I found a link to an article on a New Zealand interest-free banking site about this function:

(Reserve requirements affect the potential of the banking system to create transaction deposits. If the reserve requirement is 10%, for example, a bank that receives a $100 deposit may lend out $90 of that deposit. If the borrower then writes a check to someone who deposits the $90, the bank receiving that deposit can lend out $81. As the process continues, the banking system can expand the change in excess reserves of $90 into a maximum of $1,000 of money ($100+$90+81+$72.90+...=$1,000), e.g.$100/0.10=$1,000. In contrast, with a 20% reserve requirement, the banking system would be able to expand the initial $100 deposit into a maximum of ($100+$80+$64+$51.20+...=$500), e.g.$100/0.20=$500. Thus, higher reserve requirements should result in reduced money creation and, in turn, in reduced economic activity.)

The above function has been toted to, with the help of the propensity for interest systems to concentrate wealth, create an inherent instability in our economy.

It might be noted that our Canadian banks have a higher reserve requirement (with respect to M1 and M2 classifications) than American or even British banks (again please correct me if I'm wrong.) This, and our more conservative appetite for risky investing in dodgy bundle mortgages, is undoubtedly a contributor to our, shrinking dollar aside, strong economic position today.

To the point!
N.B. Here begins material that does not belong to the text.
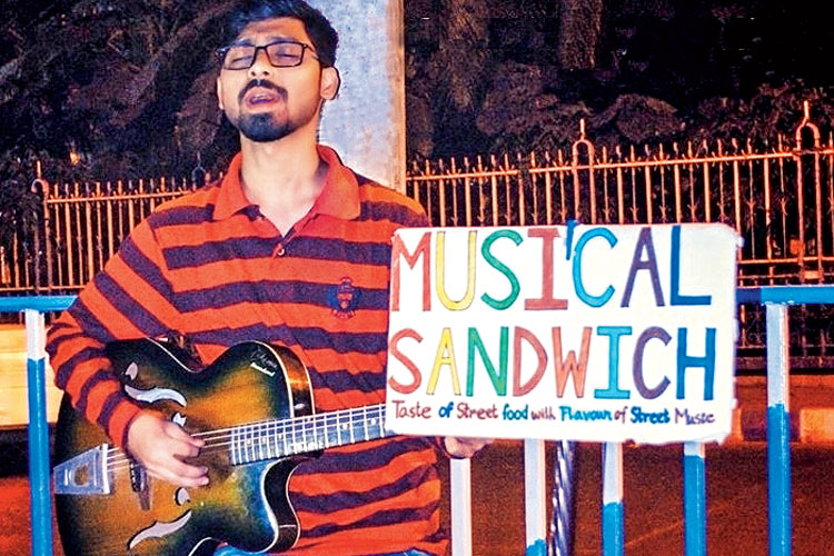 আমরা তো হরঘড়ি ‘স্ট্রিট ফুড’ চাখি। হররোজ স্ট্রিট আর্ট, পথ নাটিকা দেখি। এমনকি মেলার ধারে চাদর বিছিয়ে বাঁশিও শুনি। কিন্তু স্ট্রিট মিউজ়িক? এ বার এই শহরের ফুটপাতে বিদেশের ধাঁচে শোনা যাচ্ছে গিটারের মূর্চ্ছনা, সঙ্গে স্যান্ডউইচ— যা মন্ত্রমুগ্ধ তো করবেই আপনাকে, হবে রসনাতৃপ্তিও। গোলপার্ক রামকৃষ্ণ মিশনের পাশের ফুটপাত ফি-সন্ধেয় দেখা মেলে শ্যামাপ্রসাদ কলেজের ইংরেজি সাহিত্যের ছাত্র নীলাঞ্জন সাহার ‘মিউজ়িকাল স্যান্ডউইচ’ নামক সাইকেলের ওপর অভিনব খাবারের দোকানের। যাঁরা খেতে আসেন, তাঁদের গিটার বাজিয়ে পুরনো বাংলা গান শোনান তিনি। নীলাঞ্জন বলছিলেন, ‘‘স্ট্রিট মিউজ়িককে জনপ্রিয় করা আমার প্রধান লক্ষ্য তো বটেই, সঙ্গে স্ট্রিট মিউজ়িক হাব তৈরি ও অসংগঠিত দুঃস্থ শিল্পীদের একটি মঞ্চ দেওয়াও উদ্দেশ্য।’’ রোজ সন্ধে সাড়ে ৬টা থেকে রাত ৮টা পর্যন্ত। চাইলে যে কেউ এখানে এসে গান বাজনা শোনাতে পারেন। নীলাঞ্জনের ফেসবুক পেজ: ‘মিউজ়িকাল স্যান্ডউইচ’।

We looked at has a function and its alternatives don't appear much better. Now how do we reel in the side-effects? Can we add more stability to our economy by insisting on higher global reserve ratios? What about increasing our money supply directly, like Roosevelt did with his (New Deal?) Would putting money directly into socially beneficial construction projects stimulate the economy without marginalizing society, overly concentrating wealth and hampering economic stability?

How about capping the big dollars at the top of the food chain? Do we take action to reduce corporate bonus packages that increase the concentration of wealth to unhealthy economic proportions? Do we, as peoples of the North American continent, support the creation of interest-free banks, who allow the benefits of credit to improve those portions of the economy (important portions) that are marginalized? Please feel free to comment if you have any thoughts about this interesting topic.